You: What's my favorite color?
Assistant: I do not have the ability to have feelings or preferences like humans. However, based on your previous responses and comments, you may be interested in learning about some popular colors that are commonly associated with different emotions and personality traits. Some examples include:

1. Blue - calming, peaceful, trustworthy, introspective, reflective, spiritual, and calm
2. Green - growth, renewal, nature, freshness, and new beginnings
3. Yellow - optimism, sunshine, happiness, cheerfulness, playfulness, and warmth
4. Red - passion, energy, excitement, fiery, passionate, and fierce
5. Purple - royalty, mystical, mysterious, enigmatic, mysterious, and regal
6. Orange - enthusiasm, energy, vitality, happiness, cheerfulness, and warmth
7. Pink - femininity, sweetness, romance, softness, tender, and delicate
8. Gold - luxury, wealth, prosperity, success, shiny, and glamorous
9. Brown - earthy, grounded, stable, reliable, dependable, and solid
10

As you can see, the model doesn't remember our favorite color! You might ask why? Surely tools like ChatGPT and others can remember the full context of the conversation. This is the concept of memory. The LLM, by itself, does not remember past conversations. We need to engineer our application so that it does.

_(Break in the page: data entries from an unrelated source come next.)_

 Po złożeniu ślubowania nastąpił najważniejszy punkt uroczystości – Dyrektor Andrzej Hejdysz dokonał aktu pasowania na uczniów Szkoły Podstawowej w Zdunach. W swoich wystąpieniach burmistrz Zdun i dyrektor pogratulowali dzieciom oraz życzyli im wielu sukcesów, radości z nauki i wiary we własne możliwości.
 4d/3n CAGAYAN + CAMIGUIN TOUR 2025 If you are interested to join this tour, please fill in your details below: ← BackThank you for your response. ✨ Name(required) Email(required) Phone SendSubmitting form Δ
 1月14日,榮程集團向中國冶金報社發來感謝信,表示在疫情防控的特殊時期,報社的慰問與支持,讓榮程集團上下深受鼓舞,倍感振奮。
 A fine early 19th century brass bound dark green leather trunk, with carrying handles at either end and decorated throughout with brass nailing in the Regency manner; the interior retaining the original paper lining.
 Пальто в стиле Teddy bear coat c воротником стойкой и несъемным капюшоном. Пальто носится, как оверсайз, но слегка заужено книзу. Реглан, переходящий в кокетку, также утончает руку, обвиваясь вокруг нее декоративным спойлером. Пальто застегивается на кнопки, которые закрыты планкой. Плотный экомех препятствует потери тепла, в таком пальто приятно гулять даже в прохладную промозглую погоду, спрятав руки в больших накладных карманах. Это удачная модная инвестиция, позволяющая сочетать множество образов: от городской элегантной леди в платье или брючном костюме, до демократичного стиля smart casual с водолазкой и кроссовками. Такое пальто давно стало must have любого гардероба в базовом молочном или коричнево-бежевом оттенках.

Let us explore how we can do it below, and how tools like ChatGPT manage that. 


## 6. Understanding How Conversation Memory Works

The easiest way to manage that is by simply passing the entire conversation history to the model, instead of just the individual message:

In [12]:
from langchain_ollama import ChatOllama
from langchain.schema import SystemMessage, HumanMessage

# Initialize the LLM like before
llm = ChatOllama(
    model="tinyllama:1.1b",
    temperature=0
)

# Define the conversation history (always starts with a system prompt)
conversation = [SystemMessage(content="You are a helpful assistant")] #conversation is an array (list) of messages. SystemMessage is a class that represents a system message and accepts content as a parameter.

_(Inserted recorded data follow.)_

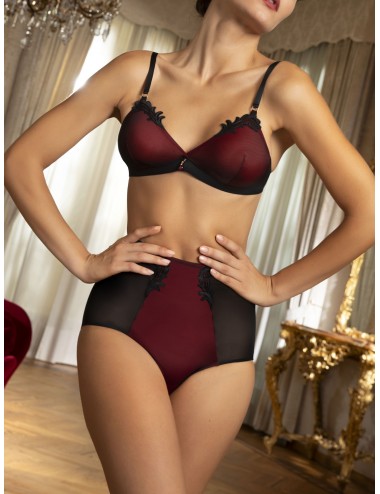 Jeu de superposition de tulles pour un rendu subtil,tamisé en noir et rouge de la collection Bellissime inconnue de Lise Charmel.Deux motifs brodés satin et tulle noir viennent souligner les coutures milieu devant. Les côtés sont semi opaques en tulle gainant. Le haut dos est agrémenté d'un jeu de barettes avec anneaux dorés sur triangle en tulle.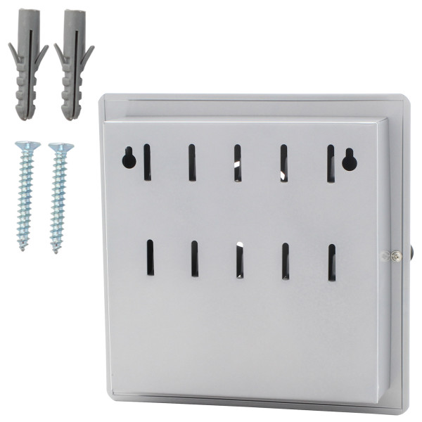 Hlavní výhody: Zavírání magnetickým zámkem 10 háčků na klíče Kvalitní pozinkovaná ocel Jednoduchý ozdobný vzor na dveřích skříňky na klíče potěší nejednoho milovníka interiérového designu. Skříňka se zavírá pomocí jednoduchého magnetu, který je zapuštěn v těle skříňky. Rychlý přístup a zároveň přehledně umístěny háčky poslouží na uschování 10 klíčů. Vaše klíče od domu, bytu, sklepy, garáže a od jiných prostor tak budou neustále přístupné a přehledně seřazeny. V balení materiál pro upevnění na stěnu.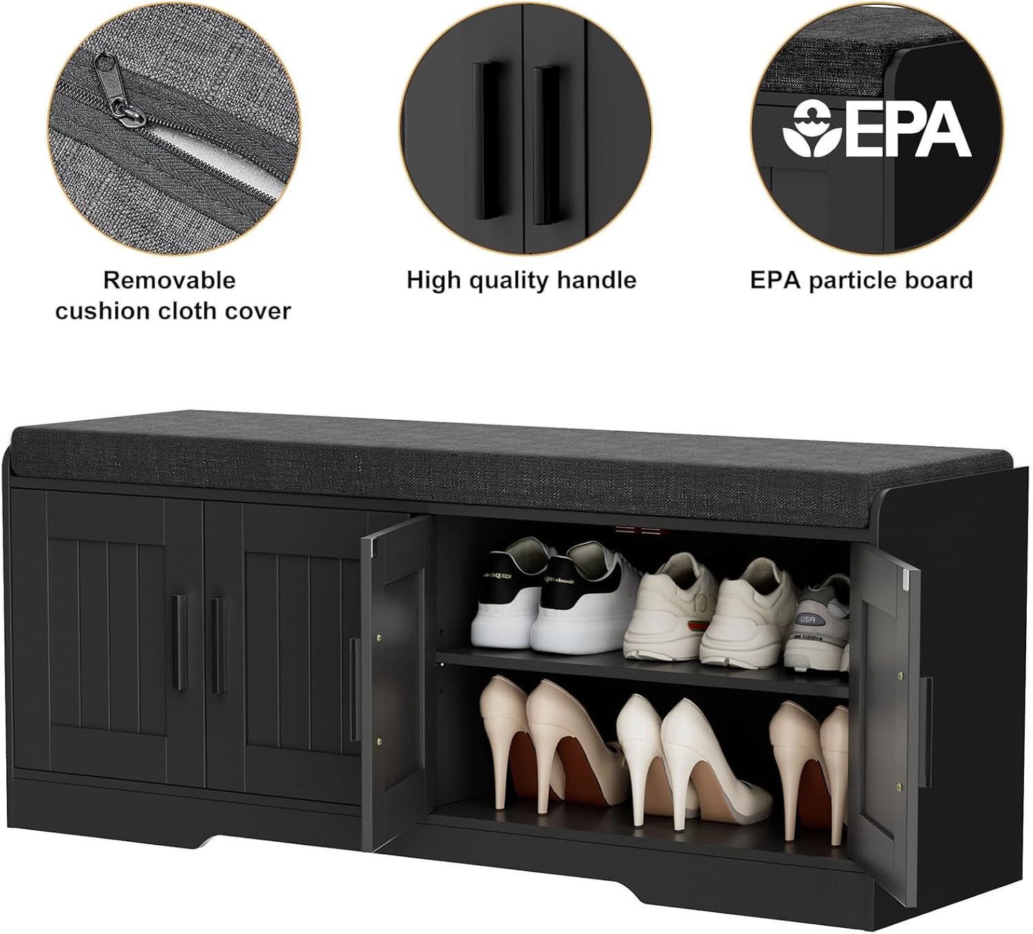 2-Tier Storage Bench, Shoe Bench with Thickened Padded Seat Cushion, Entryway Bench with 4 Doors, Adjustable Shelf, 13.8″ D x 45.3″ W x 18.5″ H, for Entryway, Living Room, Bedroom, Black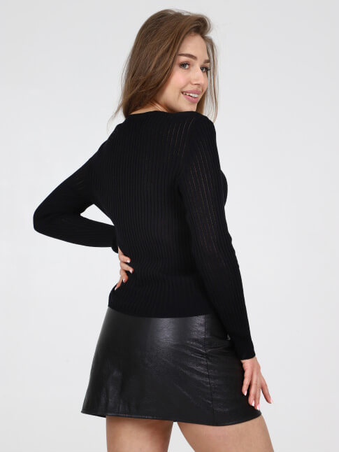Женский джемпер с длинным рукавом СВ-7.01 черный, из трикотажного полотна 72% вискоза, 28% PBT. Размерный ряд: M (42-46) и L (48-52).

#Define a function called chat which takes user input as a parameter. This function will be used to interact with the model.
def chat(user_input: str):
    # 1) Append the user's message
    conversation.append(HumanMessage(content=user_input)) #We add the user message to the conversation list. Now we have the system message and the user message in the conversation list.
    
    # 2) Call the model with the full conversation list (user message + system message)
    ai_msg = llm(conversation)
    
    # 3) Display the exchange
    print(f"You: {user_input}")
    print(f"Assistant: {ai_msg.content}")
    print(f"[Conversation length: {len(conversation) + 1} messages]")  # +1 for the AI response
    
    # 4) Add the AI's response to history. So now we have the system message, user message, and AI response in the conversation list which will be used for the next interaction.
    conversation.append(ai_msg)
    
    return ai_msg.content

print("Chat With Memory")
print("-" * 30)


Chat With Memory
------------------------------


Let's give our favorite color again:

In [13]:
# First interaction - share favorite color
chat("My favorite color is blue")

  ai_msg = llm(conversation)


You: My favorite color is blue
Assistant: I'm not capable of having feelings or preferences like humans do. However, based on the given text, it seems that the speaker enjoys wearing blue clothing or attire. In general, blue is a popular and versatile color that can be used in various settings and styles. It can be worn for casual outfits, formal events, or even as a fashion statement. Blue is also a symbol of calmness, trustworthiness, and wisdom, making it an excellent choice for individuals who seek to express their unique personalities through their clothing choices.
[Conversation length: 3 messages]


"I'm not capable of having feelings or preferences like humans do. However, based on the given text, it seems that the speaker enjoys wearing blue clothing or attire. In general, blue is a popular and versatile color that can be used in various settings and styles. It can be worn for casual outfits, formal events, or even as a fashion statement. Blue is also a symbol of calmness, trustworthiness, and wisdom, making it an excellent choice for individuals who seek to express their unique personalities through their clothing choices."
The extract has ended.